I can't recommend this book. There is too much code, too much content, and the code that is contained within is all Java. I didn't get much out of it and I feel that if less code and more pictures were added the end result would have been much more solid.

** NOT RECOMMENDED


vBulletin Visualizing Data: Process, Code and Tools!
Ben Fry hits the mark!

The author jumps right into describing the process in Chapter 1, "The Seven Stages of Visualizing Data."
He elaborates each of the stages with illustrations and examples.

In chapter 2, "Getting Started with Processing," Ben introduces a software tool (named Processing) that's available for download: www.processing.org/download.

From the site: "Processing is an open project initiated by Ben Fry and Casey Reas.
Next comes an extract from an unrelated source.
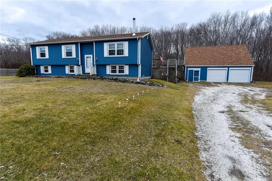 Welcome Home! This 3 bedroom, 2 full bathroom home is situated off the road in the midst of 3.3 acres of land! As you approach the house, you will notice new vinyl siding and a young roof. Once inside, there are hardwood floor throughout. Living room features a wood burning fireplace. Master bedroom offers private bathroom with tiled shower stall. Full unfinished lower level with space that could easily be finished for extra square footage. Detached garage features plenty of space for storage and 2nd floor unfinished loft area. Solar system is owned by sellers. The entire lot is currently not all cleared.
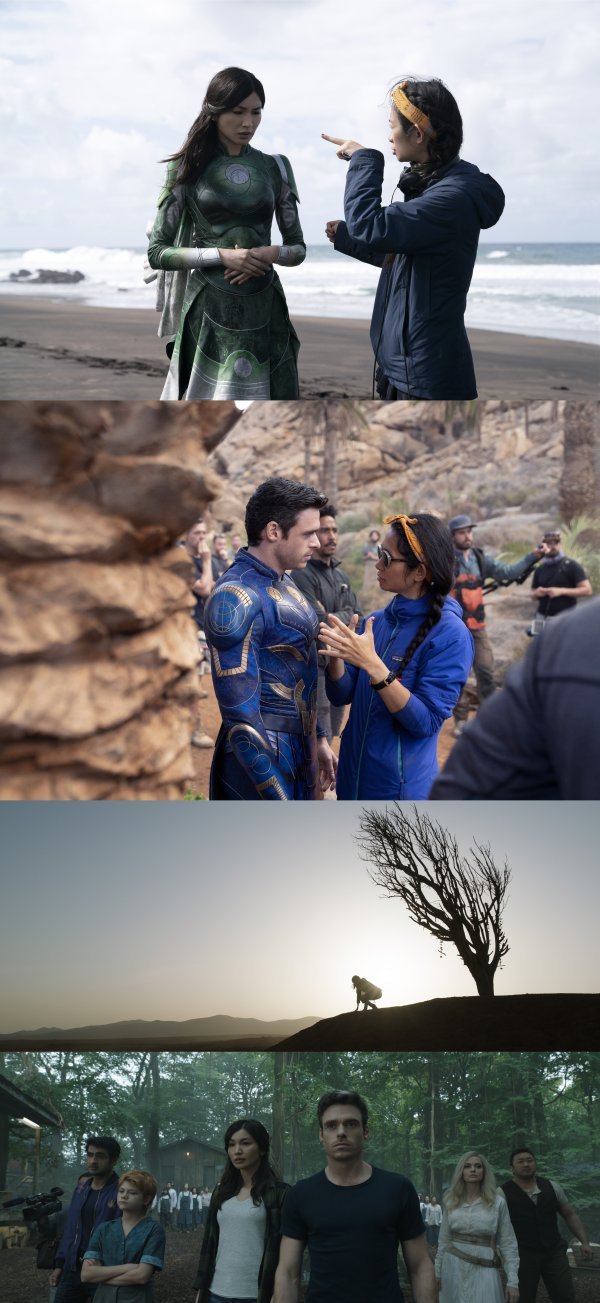 이번에 공개된 ‘클라스 스틸’은 기존 마블 작품들과 차별화된 클로이 자오 감독만의 새로운 방식으로 그려낸 '이터널스'의 다양한 모습을 엿볼 수 있다. 먼저 클로이 자오 감독이 ‘세르시’ 역을 맡은 젬마 찬, ‘이카리스’ 역을 맡은 리차드 매든과 함께 진지하게 의견을 주고받는 모습이 눈길을 끈다. 그린 스크린이 아닌 실제 로케이션 촬영지를 배경으로 해 독보적 비주얼에 대한 기대감을 자극한다.

It evolved from ideas explored in the Aesthetics and Computation Group at the MIT Media Lab."

And the remainder of the title details the various stages of visualizing data with sample code you can use to develop your own visualizations!


vBulletin Little more than a Processing Environment tutorial
Based on the title and publisher's writeup I was expecting the book to provide in-depth coverage of various visual metaphors for understanding and manipulating data, such as "Designing Interfaces" by Tidwell, another O'Reilly book that I am very pleased with.

Unfortunately it would be more appropriate if the title (Visualizing Dta) and sub-title (Exploring and Explaining Data with the Processing Environment) were switched. This book is primarily a tutorial on using the Processing Environment (http://processing.org), showing you how to create various interactive charts and composed primarily of code examples.

In addition, the visualizations presented in the book are far from aesthetically pleasing. The Processing Environment has the capability to create visualizations that are not only functional, but beautiful as well. You can find a collection of visualizations at http://www.visualcomplexity.com, many of which were created with the Processing Environment.

In summary I am granting a 2-star rating because the book does not deliver the expected coverage of data visualization design and even in its explanation of the Processing Environment does not provide exemplary visualizations.